The formal definition of approximate string matching can be as below:

Find in the text or dictionary of size

nall the words that match the given word (or start with the given word), taking into accountkpossible differences (errors).

The closeness of *approximate* is measured by the distance, the number of minimal
string operations necessary to convert a query to the string to match. For example,
the editors know that you have a *typa* and decide to pop up *typo* as a suggestion,
because *typa* has only one character to be substituted.

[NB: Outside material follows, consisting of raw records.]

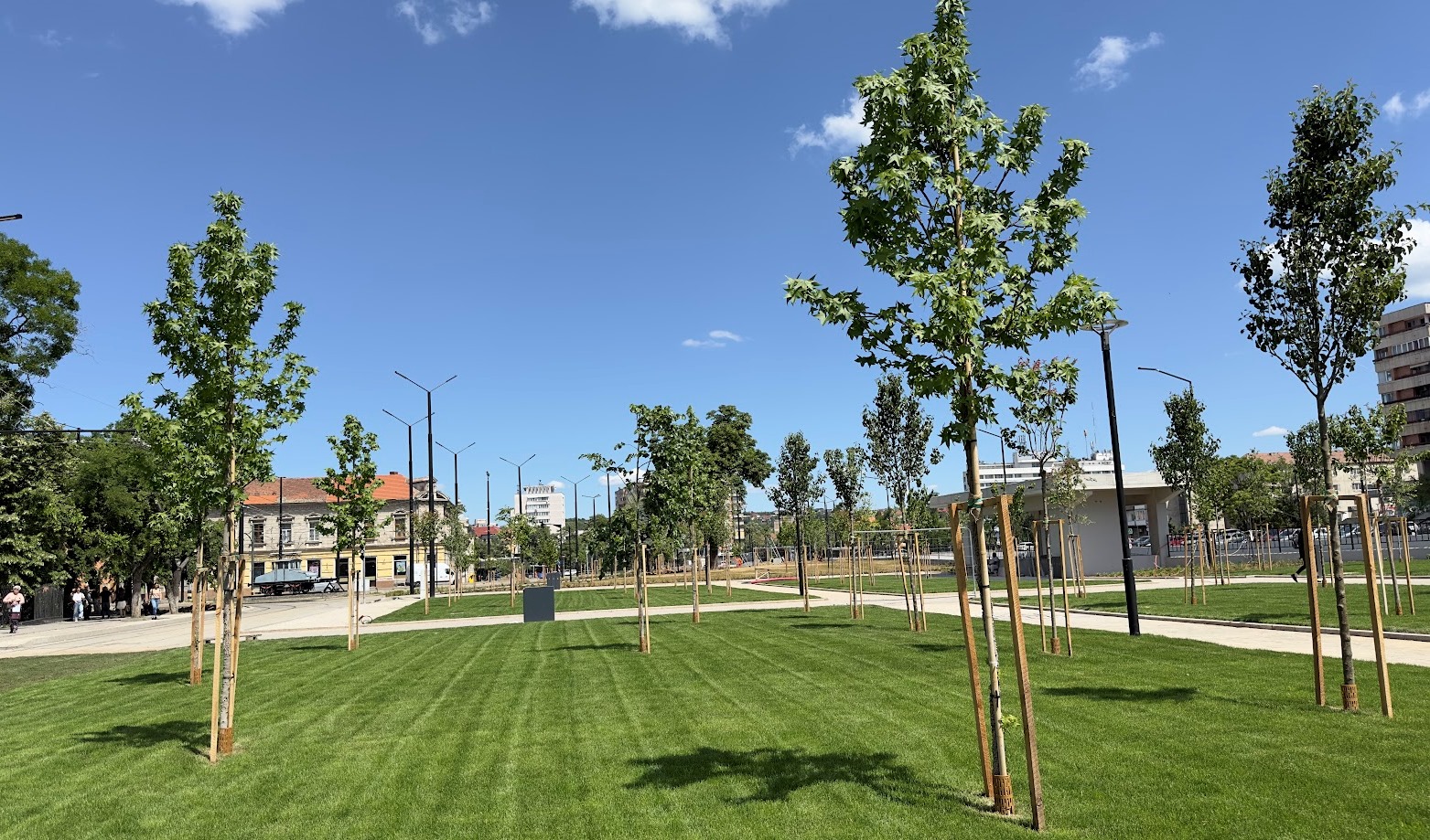 O suprafață de aproximativ 5000 mp a fost însămânțată cu gazon, toate suprafețele având sistem de irigație automatizat.
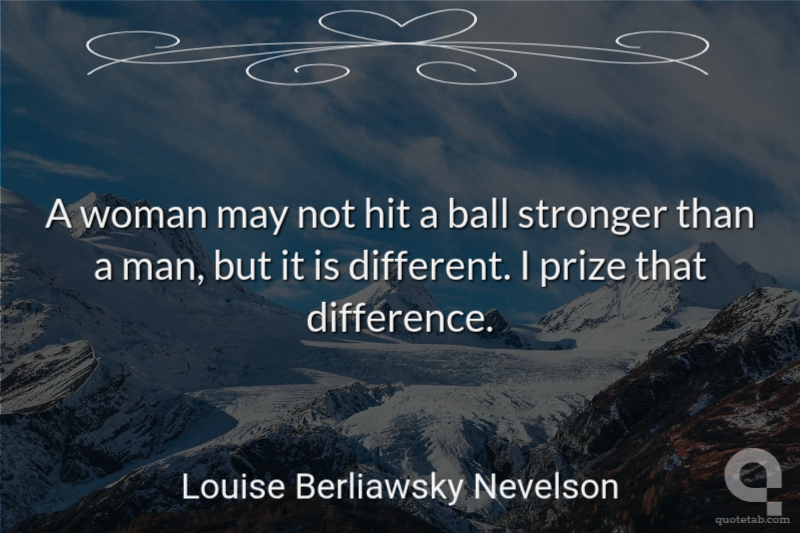 A woman may not hit a ball stronger than a man, but it is different. I prize that difference.
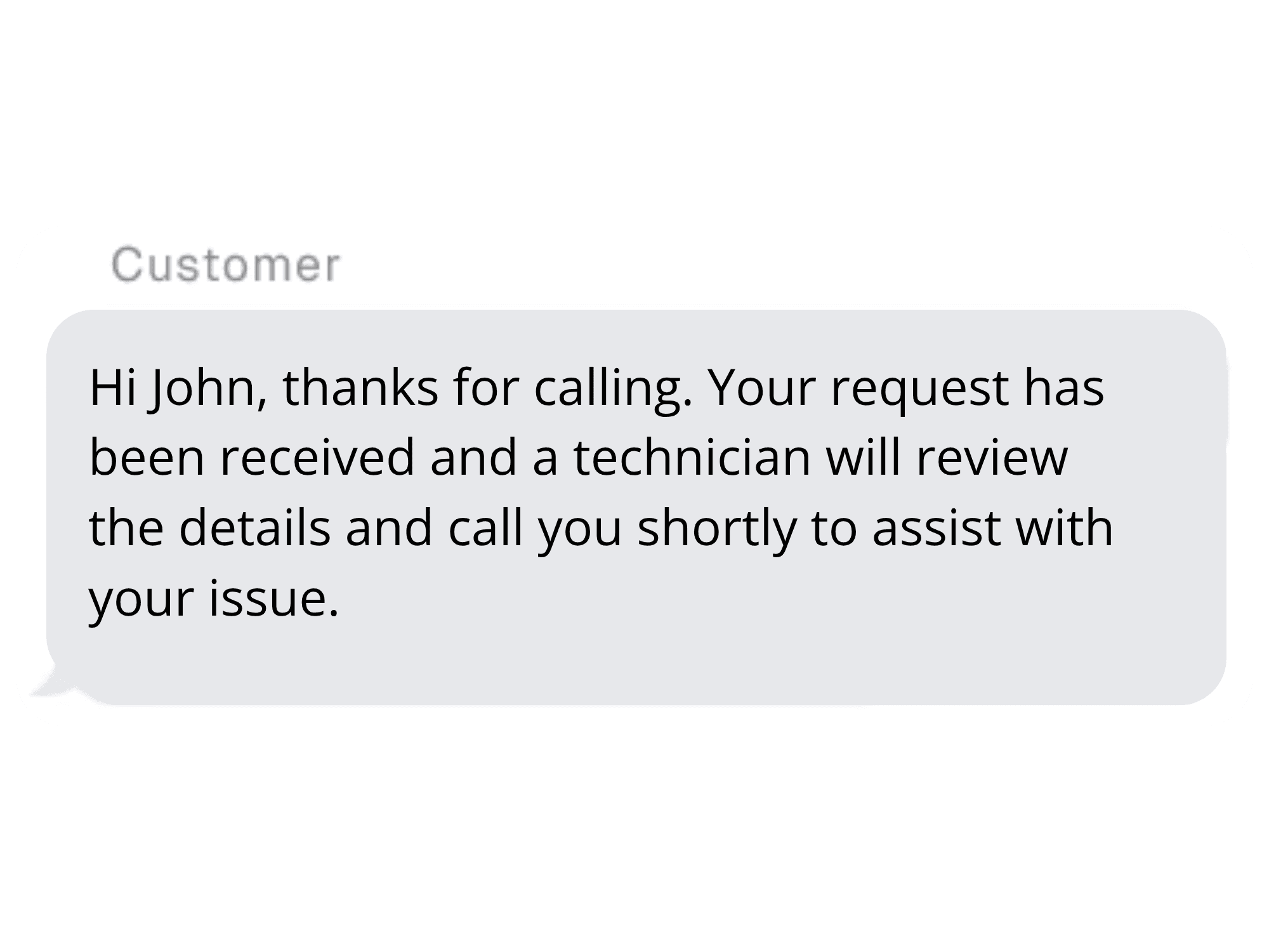 Within 60 seconds of calling, your customer receives a text: "Thanks for calling [Your Business] — someone will reach out to you shortly." They stop looking at other contractors. The job is held. Replace screenshot with a mock SMS thread showing the customer confirmation message.

Some of the most well-known algorithms for the distance calculation includes:

- Hamming distance.
- Levenshtein distance, or edit distance.
- Damerau-Levenshtein distance.

Another approach is using string similarity join algorithm (opens new window).

### # Hamming Distance

Example code:

```
def hamming_distance(s1, s2):
"""Return the Hamming distance between equal-length sequences"""
if len(s1) != len(s2):
raise ValueError("Undefined for sequences of unequal length")
return sum(el1 != el2 for el1, el2 in zip(s1, s2))
```

- Pros
- Easy to understand.

- Cons
- Only for calculating a set of words of equal length.

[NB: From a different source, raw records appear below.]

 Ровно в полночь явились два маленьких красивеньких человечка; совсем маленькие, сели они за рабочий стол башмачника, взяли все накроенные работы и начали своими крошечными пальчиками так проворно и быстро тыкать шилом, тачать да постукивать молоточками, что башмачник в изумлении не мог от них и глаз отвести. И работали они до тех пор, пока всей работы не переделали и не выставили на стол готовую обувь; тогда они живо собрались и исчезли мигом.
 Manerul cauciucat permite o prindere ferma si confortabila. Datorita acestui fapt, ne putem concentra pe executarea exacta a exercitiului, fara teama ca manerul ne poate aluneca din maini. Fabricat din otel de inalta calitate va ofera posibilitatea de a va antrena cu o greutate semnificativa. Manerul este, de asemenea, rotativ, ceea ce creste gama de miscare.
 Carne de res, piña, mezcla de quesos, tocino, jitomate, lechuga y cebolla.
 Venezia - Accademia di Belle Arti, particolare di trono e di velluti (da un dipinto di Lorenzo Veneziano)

In general, the hamming distance is impractical, but it's helpful to learn other distance algorithms.

### # Levenshtein Distance

Levenshtein distance, also called edit distance, calculates the number of operations including deletion, insertion, and substitution between the given query and the given term.

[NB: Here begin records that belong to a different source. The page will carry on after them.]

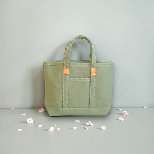 革と帆布のトートバッグS モス
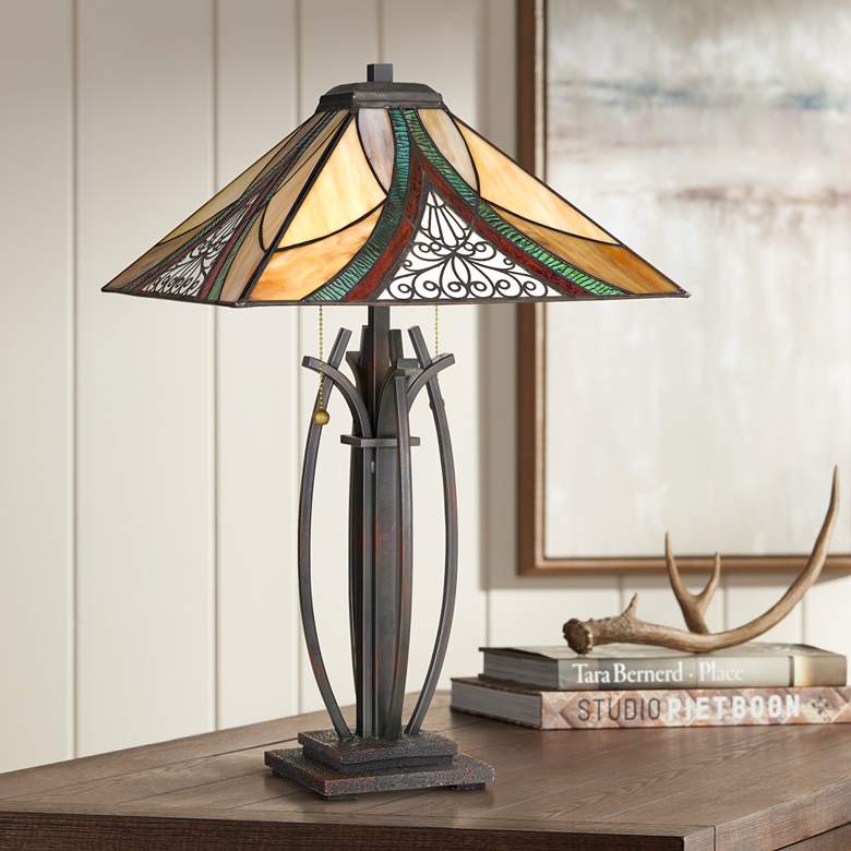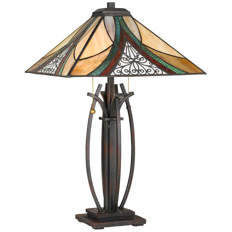 Designed by Quoizel, this two-light table lamp is a perfect choice for a living room side table or a credenza in a home office. The lamp features a beautiful, eye-catching Tiffany style cut glass shade with a wide square silhouette. The base of the lamp features a series of convex curves surrounding a center support, all in a wonderfully warm valiant bronze finish.
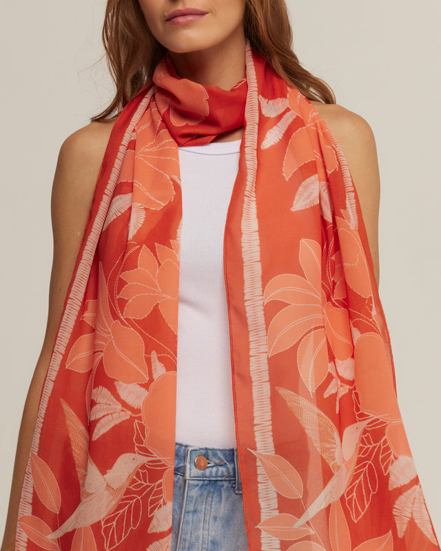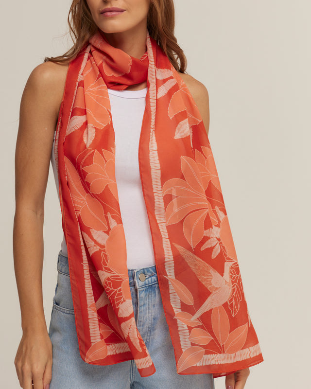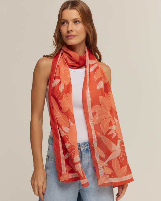 Orange scarf in polyester muslin | 45x210cm

For example, a minimal edit script that transforms `enqueuezero`

to `enqueuezebra`

is 2:

- Insert
**b**: enqueueze**b**ro. - Substitute
**o**to**a**: enqueuezebr**a**.

### # Damerau-Levenshtein distance

Damerau-Levenshtein distance is a variation of Levenshtein distance by adding an extra rule - transposition of two adjacent letters also counts as one of the operations, alongside with insertion, deletion, and substitution.

### # difflib

Python function `difflib.get_close_matches`

returns a list of the best "good enough" matches. It's the quickest scripting function ready to use.

```
>>> from difflib import get_close_matches
>>> get_close_matches('appel', ['ape', 'apple', 'peach', 'puppy'])
['apple', 'ape']
```

### # Bitap

The Bitap algorithm is an approximate string matching algorithm, which tells if
a given text contains a substring that approximately equal to a given pattern.
It's fast because it's based on bitwise operations. It's most often used in the fuzzy search. Unix utility `agrep`

is atop bitap algorithm. The Bitap algorithm
can be based on both Hamming distance and Levenshtein distance.

An example implementation is here: https://gist.github.com/soasme/22c6f083bc971ff381724fd3308a4be2 (opens new window)

The disadvantage of Bitap is that it requires a fixed-length bit bucket for calculation. The algorithm supports a large bit bucket, however, has poor performance when it's long. Luckily, in most cases, the search term has only a few characters.

### # Bigram Comparing

Bigram comparing works well on variable length strings. The idea is to de-composite the string into a set of bigrams - words that are written with two letters in an alphabetic writing system.

For example, `enqueuezero`

can be transformed to `en`

, `nq`

, `qu`

, `ue`

, ..., `ro`

.
We then calculate the number of same bigrams in both query and string to match.
Below is an example of Python implementation. 1 (opens new window)

```
def get_bigrams(s):
s = s.lower()
return [s[i:i+2] for i in range(len(s))]
def get_similarity_score(query, match):
query_bigrams = get_bigrams(query)
match_bigrams = get_bigrams(match)
hit = 0
for x in query_bigrams:
for y in match_bigrams:
if x == y:
hit += 1
break
return (hit * 2.0) / (len(query_bigrams) + len(match_bigrams))
```

## # Conclusions

Fuzzy search can be applied whenever there is a search box. Under the hood, the fuzzy
search requires approximate string matching. Among all algorithms, the Bitap algorithm
is perhaps the best-known for approximate string matching. However, it doesn't
fit the case in which the searching dataset is huge since it requires a full scanning.
Python function `get_close_matches`

in standard lib `difflib`

is the handiest tool
ready to use.

Installing fuzzy search plugin or utilities save a few seconds every time and thus several hours and days in your work and life.